BRIEF:
Repeat everything in the listing exactly, except for the images.

SUPPLIED MATERIAL:
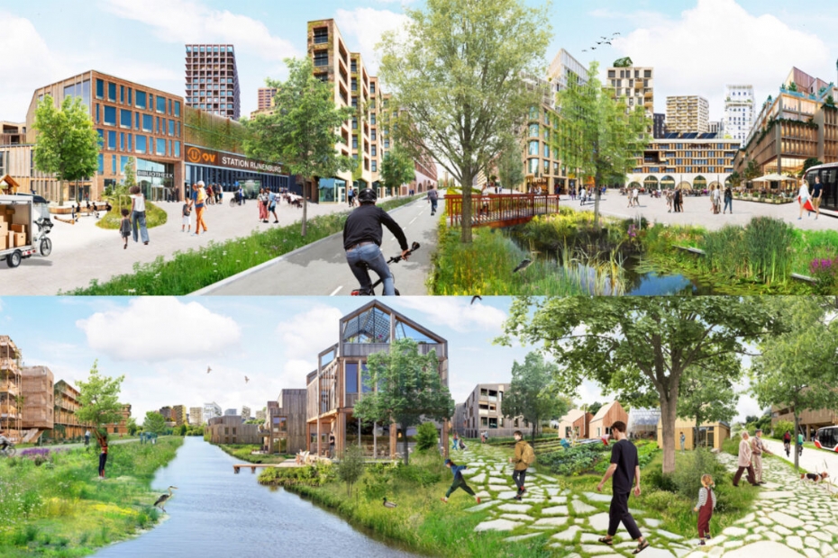 Een opvallend kenmerk van Rijnenburg is de combinatie van groen en water. Dat zal in het stadspark zorgen voor verkoeling en kan bovendien helpen om zware regenbuien op te vangen
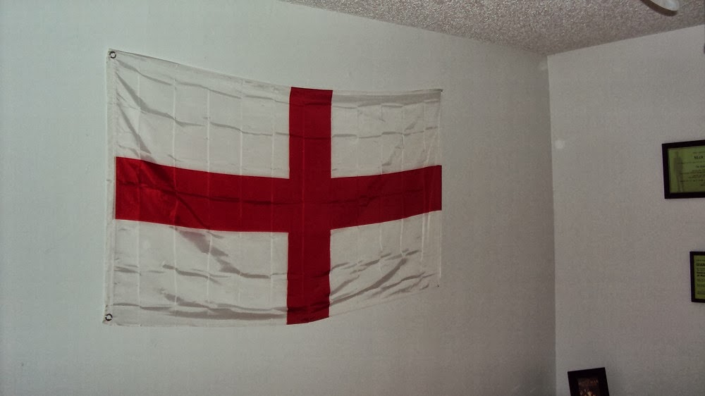 Well, since the England football team beat Poland 2-0 and now qualify for the 2014 World Cup in Brazil, it's time for my 6-foot X 3-foot English flag to go on display! PS: For non-Brits who are thinking "That's not the Union Jack." No it's not! The U.J. is the British flag, but the red cross on a white background is the English flag - which is very different! And there it is, in all its glory!
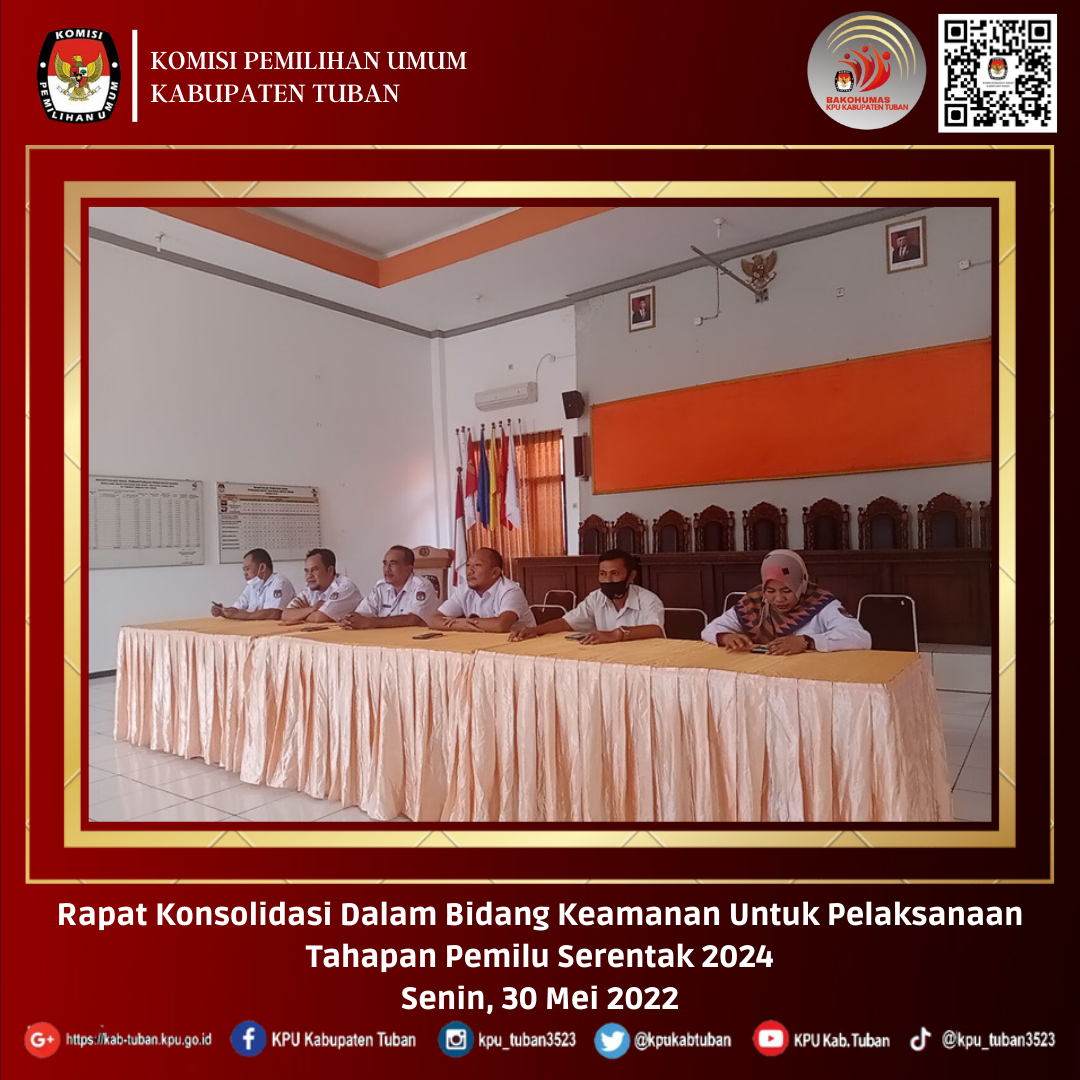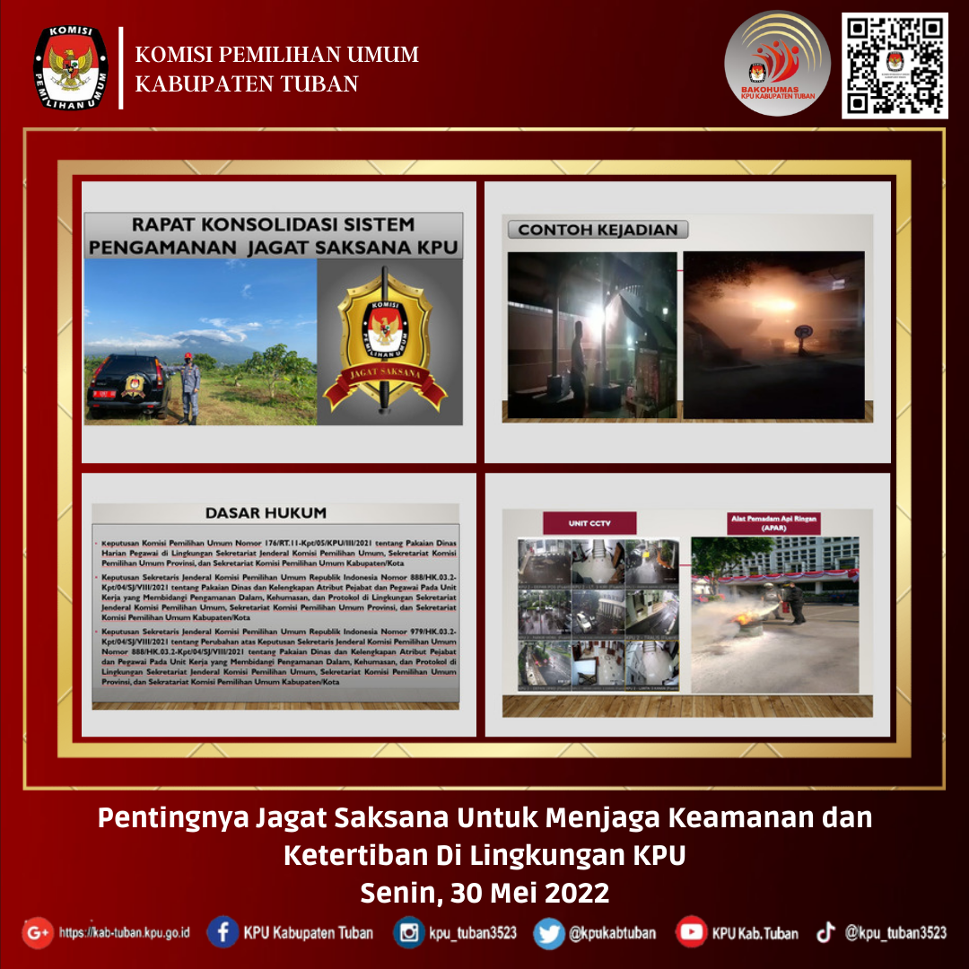Tuban, kab-tuban.kpu.go.id - Menjelang akan dilaksanakannya tahapan Pemilu Serentak Nasional Tahun 2024, KPU Provinsi Jawa Timur menginisiasi Rapat Konsolidasi Sistem Pengamanan Dalam (Jagat Saksana) Tahun 2022 yang diikuti oleh 38 KPU Kabupaten/Kota se-Jawa Timur. Satuan Pengamanan dari KPU Kabupaten Tuban yang turut hadir dalam Rapat Konsolidasi ini adalah Muhammad Nur, Ali Mansur, Budi Widarto, dan Sugihandoyo yang didampingi Sekretaris, Mochamad Arifuddin dan Kasubbag Keuangan, Umum, dan Logistik, Rizki Yulli Indahsari. Kepala Bagian Pengamanan Dalam (Jagat Saksana) KPU, Ashari yang didapuk menjadi narasumber menyampaikan pentingnya sebuah pengamanan di lingkungan KPU baik di KPU Provinsi, dam KPU Kabupaten/Kota di seluruh Indonesia menjelang akan dilaksanakannya Tahpan Penyelenggaraan Pemilu Serentak Nasional Tahun 2024. "Suksesnya penyelenggaran Pemilu maupun Pemilihan tidak terlepas dari solid dan kompaknya Petugas Keamanan," ungkapnya. Lebih lanjut Kabag Pamdal (Jagat Saksana) KPU RI tersebut mengatakan agar terciptanya situasi yang kondusif dan untuk mendeteksi awal dari sebuah kejadian yang perlu diperhatikan adalah siapapun yang memasuki kantor harus mengisi Buku Tamu dan selalu melakukan filter siapa saja yang akan memasuki area kantor serta selalu mencatat apapun yang terjadi di kantor di buku Laporan Kejadian," jelasnya. "Yang paling utama adalah soliditas dan kekompakkan Petugas Keamanan internal yang diaplikasikan dengan mengisi Buku Mutasi atau Serah Terima Tugas Jaga," jelasnya kembali. (noor/humas)

REPLY TO THE EXERCISE:
 Een opvallend kenmerk van Rijnenburg is de combinatie van groen en water. Dat zal in het stadspark zorgen voor verkoeling en kan bovendien helpen om zware regenbuien op te vangen
 Well, since the England football team beat Poland 2-0 and now qualify for the 2014 World Cup in Brazil, it's time for my 6-foot X 3-foot English flag to go on display! PS: For non-Brits who are thinking "That's not the Union Jack." No it's not! The U.J. is the British flag, but the red cross on a white background is the English flag - which is very different! And there it is, in all its glory!
Tuban, kab-tuban.kpu.go.id - Menjelang akan dilaksanakannya tahapan Pemilu Serentak Nasional Tahun 2024, KPU Provinsi Jawa Timur menginisiasi Rapat Konsolidasi Sistem Pengamanan Dalam (Jagat Saksana) Tahun 2022 yang diikuti oleh 38 KPU Kabupaten/Kota se-Jawa Timur. Satuan Pengamanan dari KPU Kabupaten Tuban yang turut hadir dalam Rapat Konsolidasi ini adalah Muhammad Nur, Ali Mansur, Budi Widarto, dan Sugihandoyo yang didampingi Sekretaris, Mochamad Arifuddin dan Kasubbag Keuangan, Umum, dan Logistik, Rizki Yulli Indahsari. Kepala Bagian Pengamanan Dalam (Jagat Saksana) KPU, Ashari yang didapuk menjadi narasumber menyampaikan pentingnya sebuah pengamanan di lingkungan KPU baik di KPU Provinsi, dam KPU Kabupaten/Kota di seluruh Indonesia menjelang akan dilaksanakannya Tahpan Penyelenggaraan Pemilu Serentak Nasional Tahun 2024. "Suksesnya penyelenggaran Pemilu maupun Pemilihan tidak terlepas dari solid dan kompaknya Petugas Keamanan," ungkapnya. Lebih lanjut Kabag Pamdal (Jagat Saksana) KPU RI tersebut mengatakan agar terciptanya situasi yang kondusif dan untuk mendeteksi awal dari sebuah kejadian yang perlu diperhatikan adalah siapapun yang memasuki kantor harus mengisi Buku Tamu dan selalu melakukan filter siapa saja yang akan memasuki area kantor serta selalu mencatat apapun yang terjadi di kantor di buku Laporan Kejadian," jelasnya. "Yang paling utama adalah soliditas dan kekompakkan Petugas Keamanan internal yang diaplikasikan dengan mengisi Buku Mutasi atau Serah Terima Tugas Jaga," jelasnya kembali. (noor/humas)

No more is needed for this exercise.